[[ DATA, beginning ]]
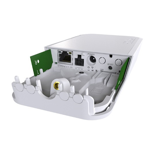 MikroTik’s RB-WAPLTE is a small weatherproof wireless access point with a built-in LTE4 modem that supports 2G, 3G and 4G (LTE) connectivity. Connect to the wAP’s built-in 802.11b/g/n wireless and access the LTE network from your phone or any other wireless device. The RB-WAPLTE also has one 10/100 Ethernet LAN port for your wired devices.
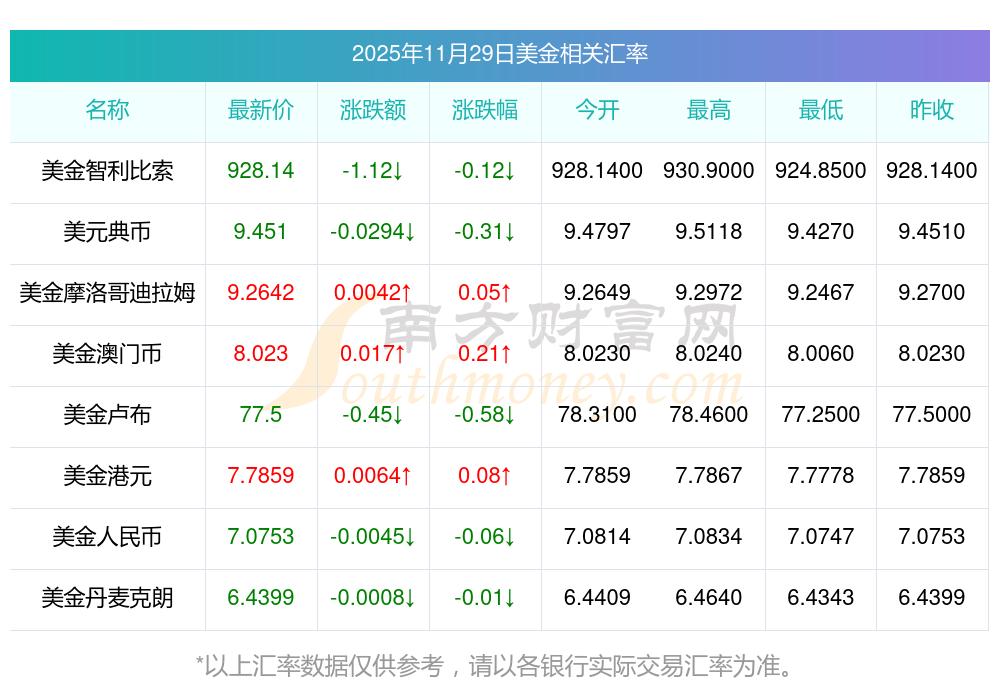 根據(jù)2025年11月29日匯率,美金兌換歐元匯率最新0.862366,今開0.8624,昨收0.8624,最高0.8654,最低0.8615。
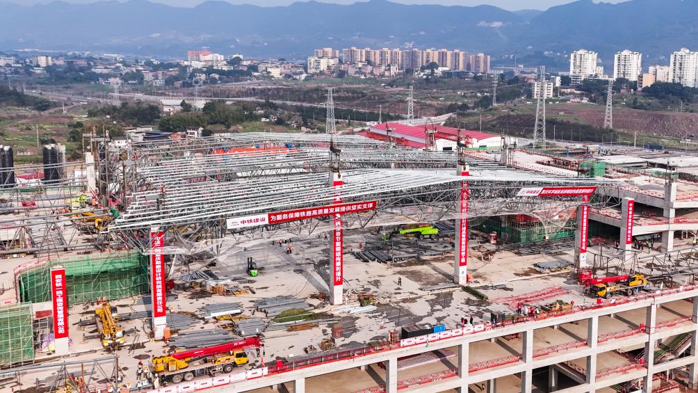1月26日,重庆科学城站站房钢结构屋盖正在进行提升作业。(无人机图片)
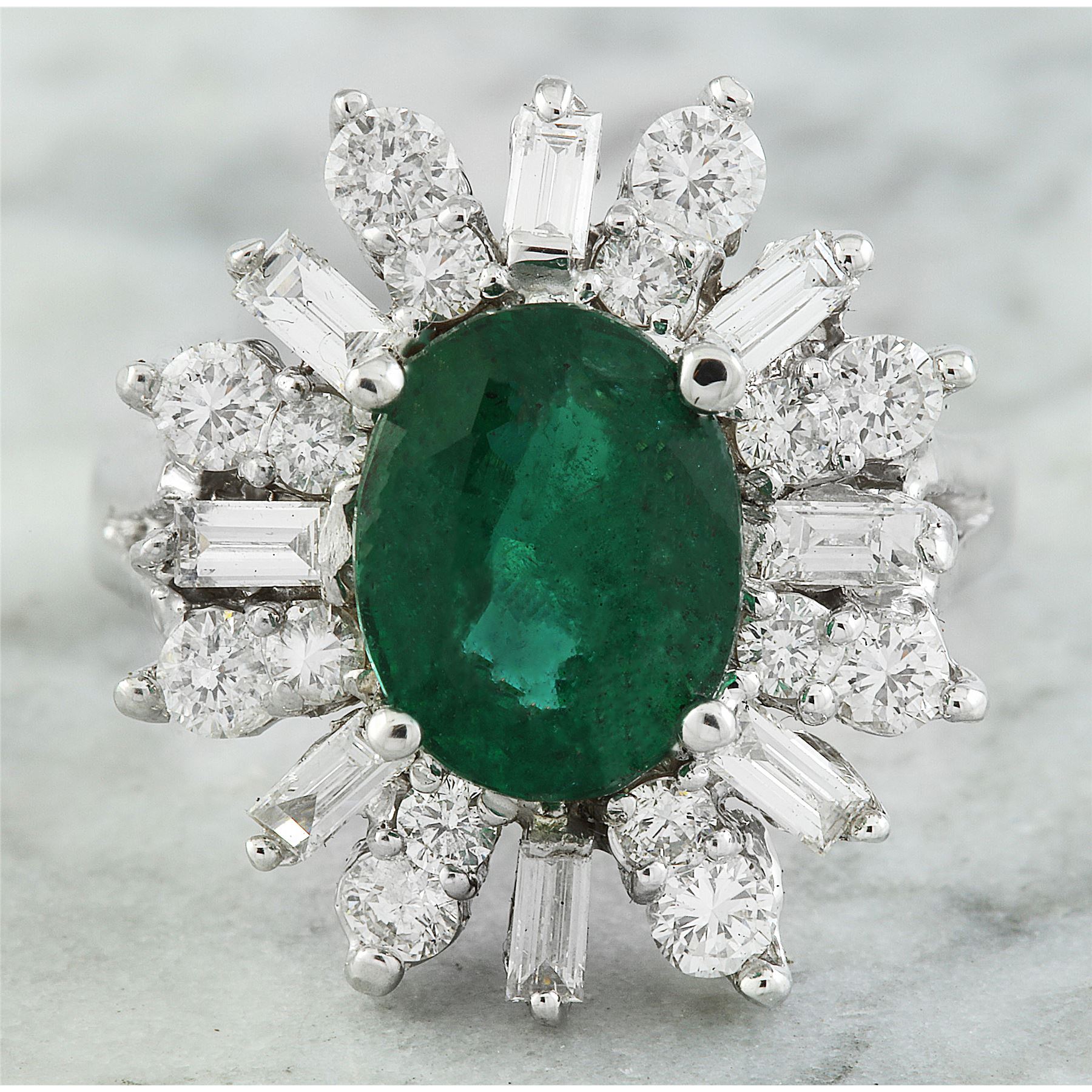 4.05 CTW Emerald 14K White Gold Diamond Ring
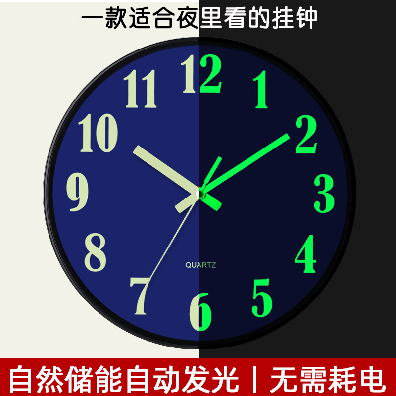 12インチ30cm夜光プラスチック静音掛け時計クリエイティブ寝室リビングルームシンプル発光クォーツ時計卸売
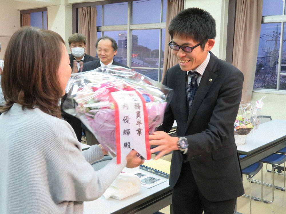 同僚から花束を贈られる川内
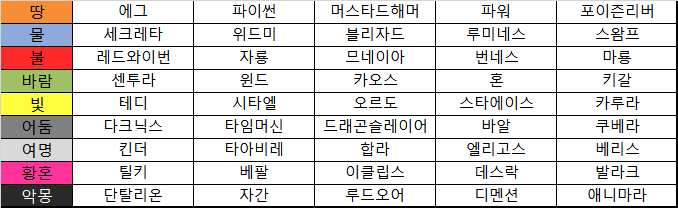 속성 당 5마리씩 깔끔하게 채워진게 보기 좋네요.
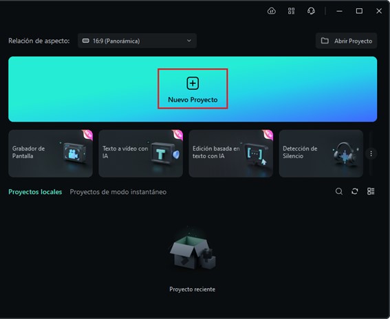 2. Abre Filmora y crea un nuevo proyecto: Al iniciar Filmora, selecciona la opción ‘Nuevo Proyecto’. Se abrirá la interfaz principal de edición de videos.
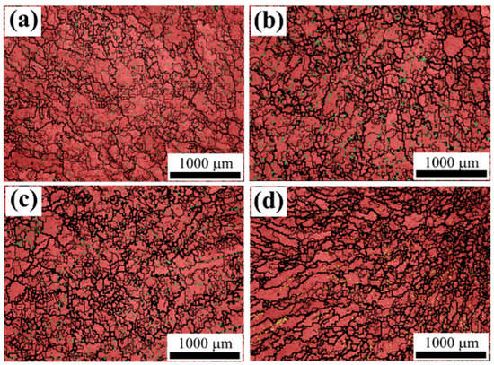 Figure 8 shows the grain organization pattern (EBSD) of different diameters for the Fe-Mn-Al-C steel ingot. Dimensional measurements were conducted of the austenitic phase grains. The results are given in Figure 9.
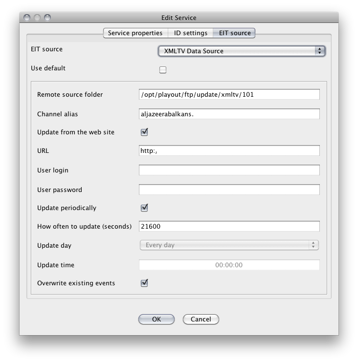 EIT source is the source for the EPG data for this specific service. It is possible to have different source for each service or rely on the default source for all services. To learn more about various supported sources please refer to chapter Managing EIT. In the example on right the source is unique for the service and the source type is XML TV. |
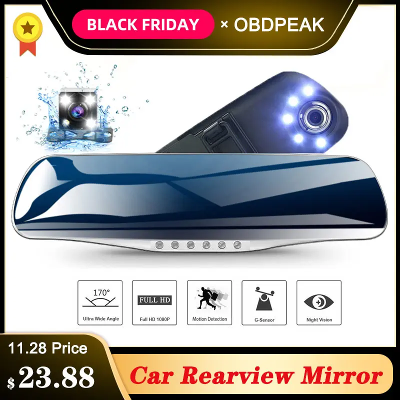 Special Offer Wideorejestrator samochodowy 4.3 Cal 5 Led oświetlenie samochodu lusterko wsteczne z widokiem z kamery z tyłu czujnik G srebrny granicznej kamera na deskę rozdzielczą podwójny obiektyw Auto rejestrator Discount 50% Today!
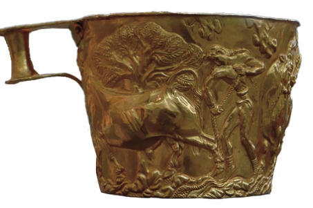 最近在希腊南部土中发掘一只黄金杯,上刻精妙的野牛图,充满于现代的优美与洗练。现藏雅典博物馆中。
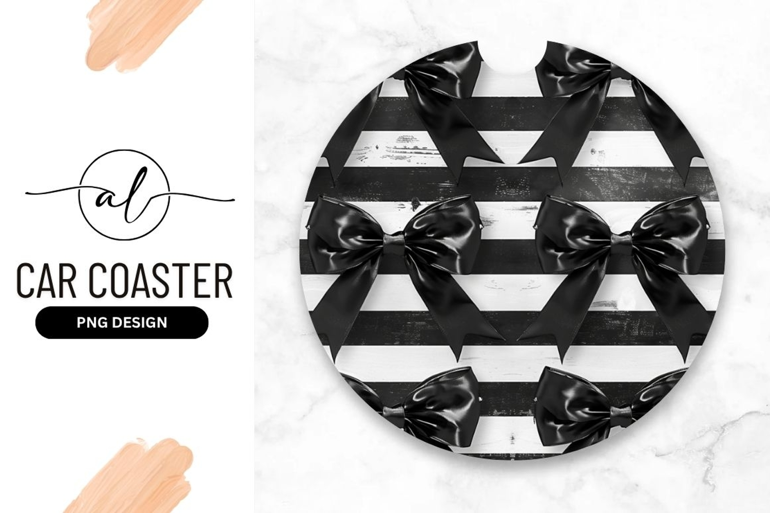 Similar Design Products to Black Bows On Striped Background Round Car Coaster
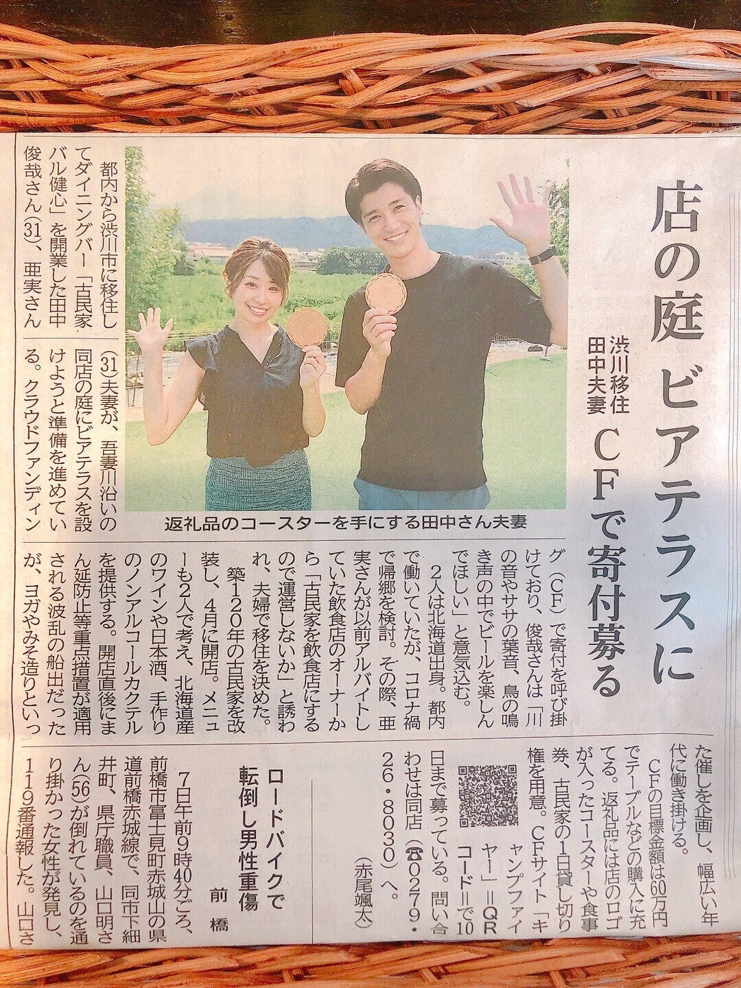 2021/08/10 15:37皆様、大変申し訳ございません。昨日活動報告欄にて、支援最終日とお伝えしましたが、正しくは本日でした。昨夜の夜中12時になり妻と「あと少しで目標額だったけど惜しかったね。」と言ってたらなんと’’残り23時間’’との表示が、、、、、馬鹿な夫婦でお恥ずかしいです。。。ということで残り約8時間ばかりですが、本当にあと少しで目標額に達成することができます。ここまで多くの皆様にご支援頂くことができて本当に嬉しく思うのと同時に目標達成し皆様と喜びを分かち合えれば幸いです。最後までどうぞよろしくお願いいたします。※写真は上毛新聞に載せて頂いた記事です。上毛新聞からの反響が多く、多く読まれているんだなと感じました。大きく取り上げて頂きましてありがとうございました!! もっと見る
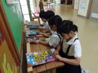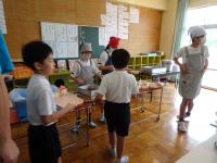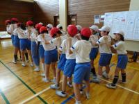 お昼休みに、エンカウンターを楽しみました。自分のことやお友達のことをよく知り、もっと仲良くなるためです。「バーディーチェーン」(全員が話さずジェスチャーでコミュニケーションをとり誕生日順に並ぶ)や「集合ゲーム」(手をたたいた数で集まる)、「どれがすきゲーム」(ラーメン、ハンバーグ、カレーどれが好きが話さずジェスチャーでコミュニケーションをとり集まった後、理由を考え発表する)を楽しみました。友達のことを知ることができ、ニコニコ笑顔がたくさん見られました。
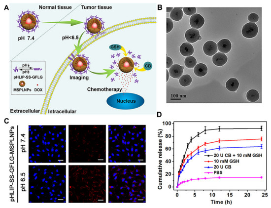 In this example, ZGGO@mSiO2 nanoparticles were coated with a polypeptide which is composed of a part of a pH-low-insertion peptide (pHLIP) and a part of a GFLG peptide with the linkage of a disulphide bond (pHLIP-SS-GFLG). This system was subsequently loaded with anticancer drug DOX. The particles were observed to exhibit the strongest cellular (A549 cells and HepG2 cells) luminescence intensity under acidic conditions (pH 6.5) compared to physiological pH (pH 7.4), an observation assigned to a triggered conformational change in the peptide, facilitating its membrane insertion. At the same time, in vitro drug release was demonstrated in a buffer solution containing glutathione (GSH) and/or cathepsin B (CB), with the highest release observed when both were present.
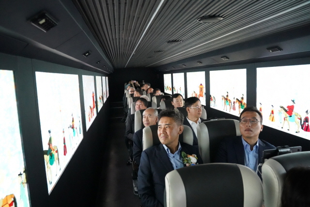 지난해 7월 서비스를 시작한 XR버스 1795행은 1795년 을묘원행 당시 정조대왕 능행차를 XR(확장현실)로 경험할 수 있는 ‘미디어 버스’다. T-OLED(Transparent-OLED, 투명 OLED, 평상 시에는 투명 상태를 유지하고 정보, 콘텐츠 등을 전달할 때 영상을 표출할 수 있는 디스플레이)와 관광을 결합한 최초 사례로 ‘터치수원’ 앱에서 예약 후 이용할 수 있다.
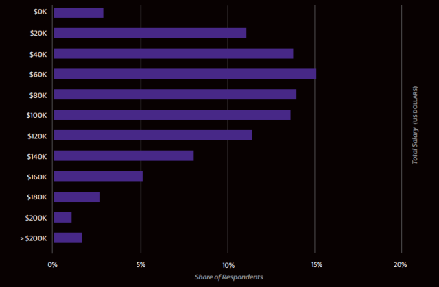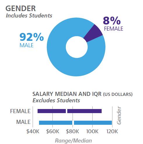 在此次调查中,女性人数只占 8%,女性的平均收入约为 80k 美金左右,男性则获得 93k 万美元,目前情况看,有三分之一的女性受访者的经验不到 5 年,而 83% 男性经验都在 5 年以上。
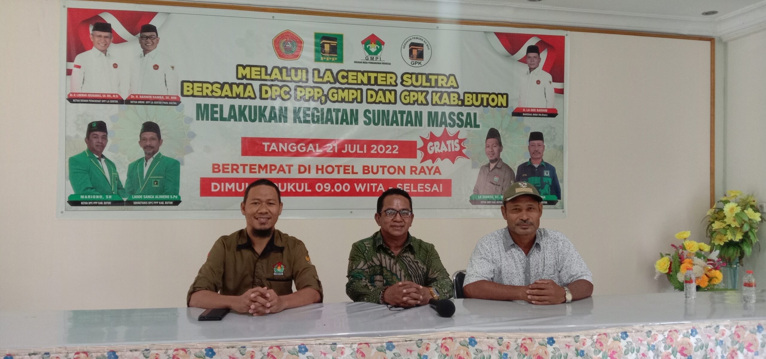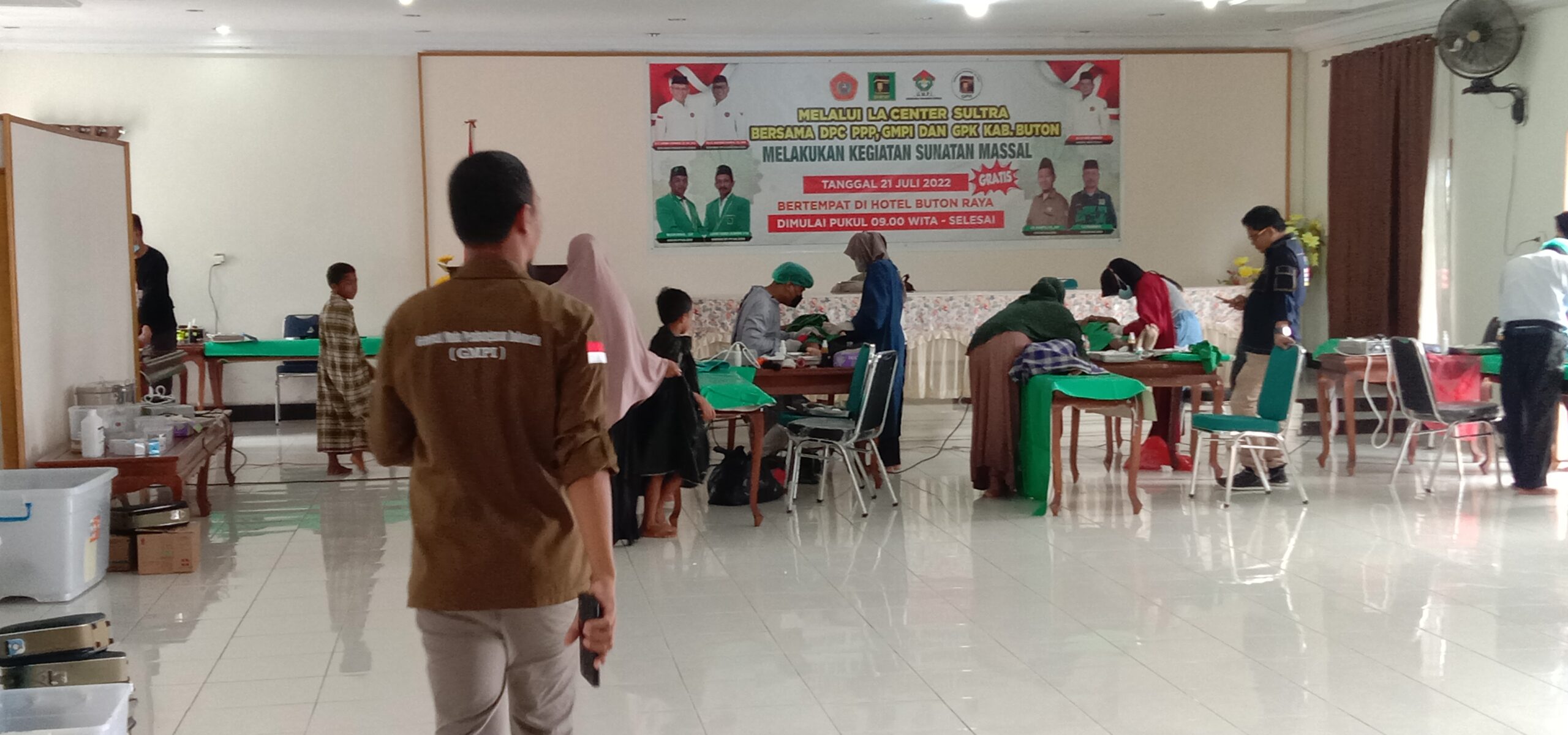 MonitorSultra.Com, BUTON – Melalui program Lukman Abunawas (LA) Center Sultra, DPC PPP bersama organisasi GMPI dan GPK Kabupaten Buton melakukan sunatan massal di Hotel Buton Raya, tepatnya di Jalan Baru Kecamatan Pasarwajo, pada Kamis, (21/7/2022).
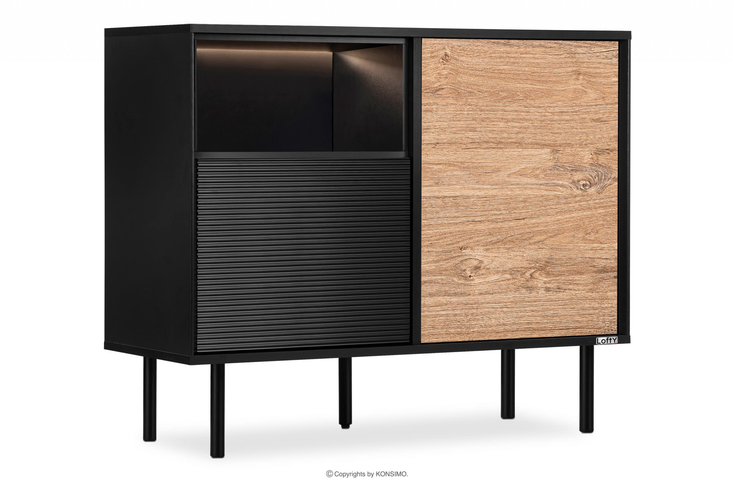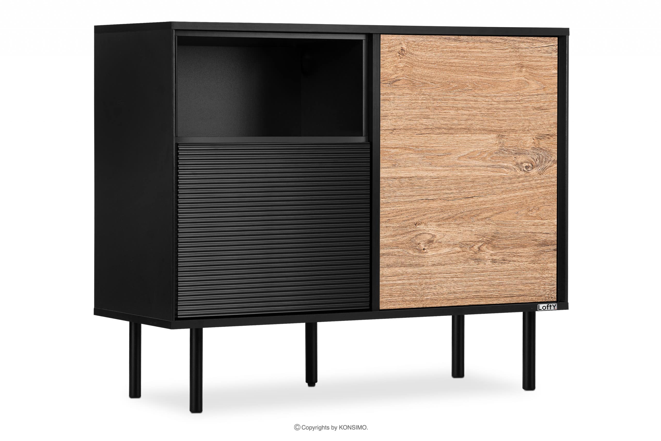 LOFTY zobacz całą kolekcję Komoda loft na wysokich nóżkach- kolor czarny/dąb naturalny
[[ DATA, end ]]
The stretch above running from the line with "12インチ30cm夜光プラス" through the line with "Similar Design Products" is all you should copy, exactly, leaving out the pictures.

▶ **SOLUTION TO THE EXERCISE**:
 12インチ30cm夜光プラスチック静音掛け時計クリエイティブ寝室リビングルームシンプル発光クォーツ時計卸売
 同僚から花束を贈られる川内
 속성 당 5마리씩 깔끔하게 채워진게 보기 좋네요.
 2. Abre Filmora y crea un nuevo proyecto: Al iniciar Filmora, selecciona la opción ‘Nuevo Proyecto’. Se abrirá la interfaz principal de edición de videos.
 Figure 8 shows the grain organization pattern (EBSD) of different diameters for the Fe-Mn-Al-C steel ingot. Dimensional measurements were conducted of the austenitic phase grains. The results are given in Figure 9.
 EIT source is the source for the EPG data for this specific service. It is possible to have different source for each service or rely on the default source for all services. To learn more about various supported sources please refer to chapter Managing EIT. In the example on right the source is unique for the service and the source type is XML TV. |
 Special Offer Wideorejestrator samochodowy 4.3 Cal 5 Led oświetlenie samochodu lusterko wsteczne z widokiem z kamery z tyłu czujnik G srebrny granicznej kamera na deskę rozdzielczą podwójny obiektyw Auto rejestrator Discount 50% Today!
 最近在希腊南部土中发掘一只黄金杯,上刻精妙的野牛图,充满于现代的优美与洗练。现藏雅典博物馆中。
 Similar Design Products to Black Bows On Striped Background Round Car Coaster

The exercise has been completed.